Exercise directions >>
Give back exactly the lines from the start of the entries below to the line holding "经过评委综合评定,范小华老师", that line included, and leave every picture out.

Records from a data source:
———

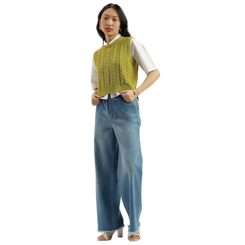United Colors of Benetton Round Neck Textured Cable Knit Sweater (Size: M)-25A1594D108YGL43 Green
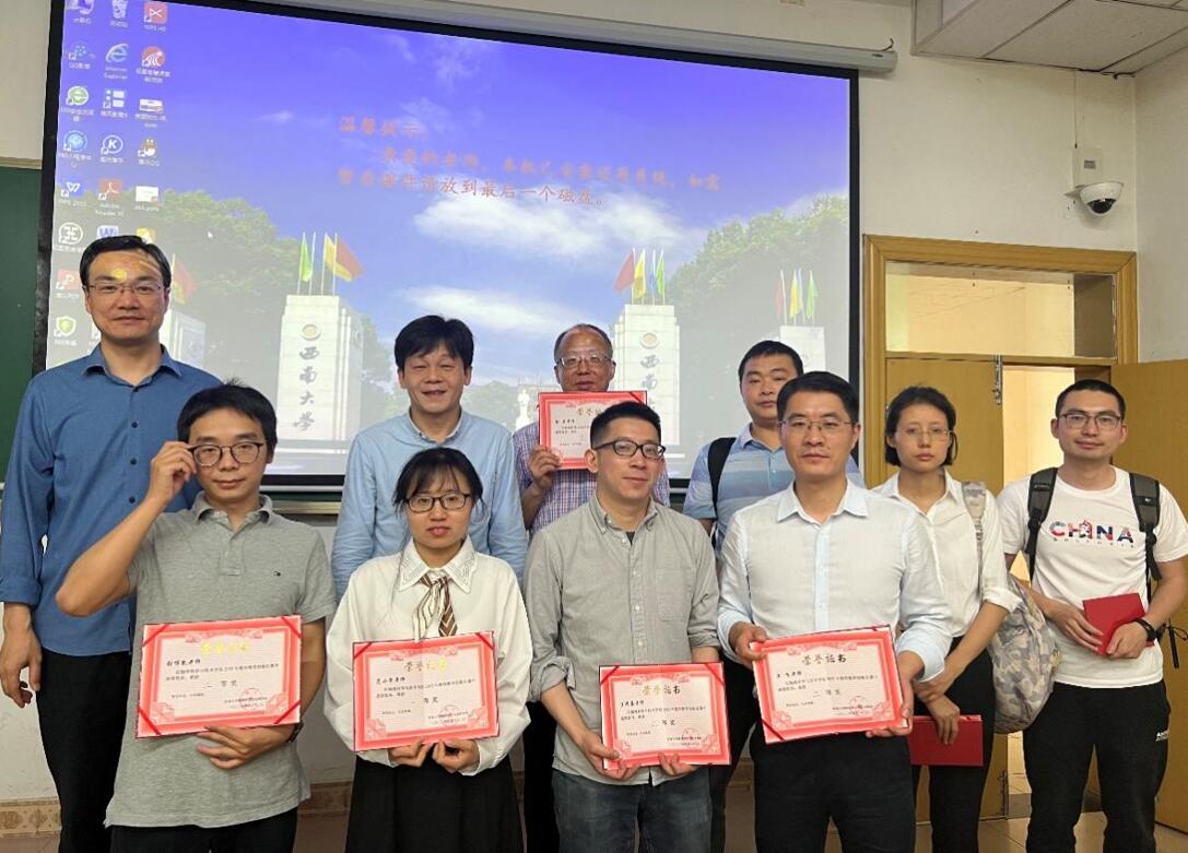 经过评委综合评定,范小华老师获得本届胜游体育(中国)官方在线讲课比赛一等奖,王飞、匡泯泉、张博凯老师获得二等奖,王丹丹、王鹏、周廷伟、张勇等4位老师获得三等奖。吴正茂院长宣布了比赛结果,并为获奖老师颁发荣誉证书,胜游体育(中国)官方在线择优推荐教师代表胜游体育(中国)官方在线参加西南大学教学创新大赛。
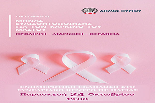 Δήμος Πύργου: "Πρόληψη – Διάγνωση – Θεραπεία" - Ενημερωτική Εκδήλωση για τον Καρκίνο του Μαστού
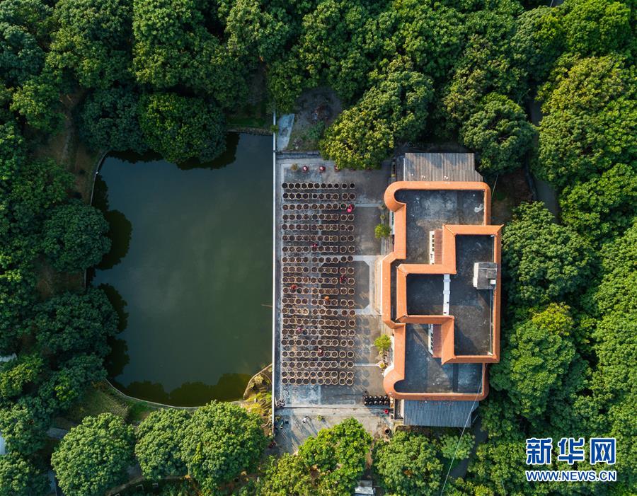 在福建省永春縣岵山鎮(zhèn)茂霞村熟地文創(chuàng)園,村民在晾曬用當地傳統(tǒng)手藝制作的藥材——熟地(1月28日無人機拍攝)。 新華社記者 宋為偉 攝
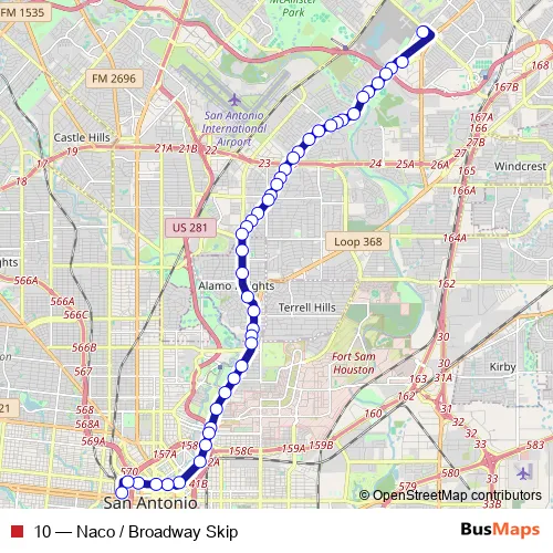 Bus 10 - Naco / Broadway Skip Schedule in San Antonio
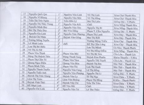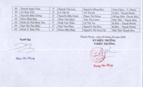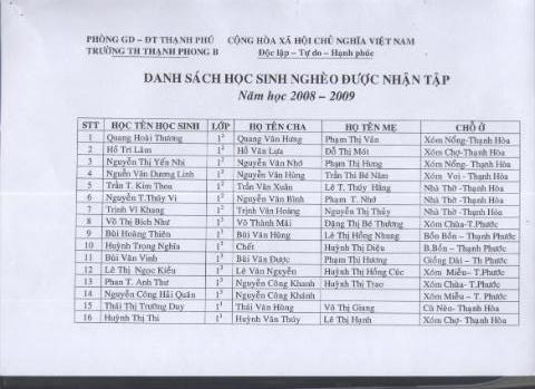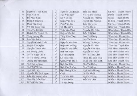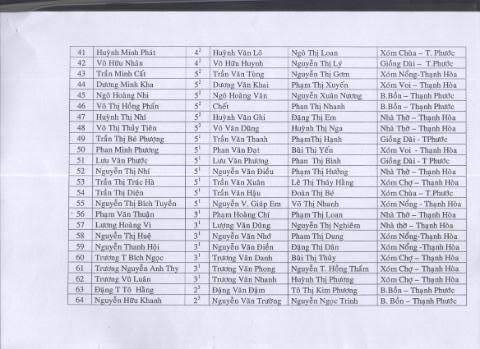 Danh sách 95 em nhận quà – List of 95 needy students:

———

Task response >>
United Colors of Benetton Round Neck Textured Cable Knit Sweater (Size: M)-25A1594D108YGL43 Green
 经过评委综合评定,范小华老师获得本届胜游体育(中国)官方在线讲课比赛一等奖,王飞、匡泯泉、张博凯老师获得二等奖,王丹丹、王鹏、周廷伟、张勇等4位老师获得三等奖。吴正茂院长宣布了比赛结果,并为获奖老师颁发荣誉证书,胜游体育(中国)官方在线择优推荐教师代表胜游体育(中国)官方在线参加西南大学教学创新大赛。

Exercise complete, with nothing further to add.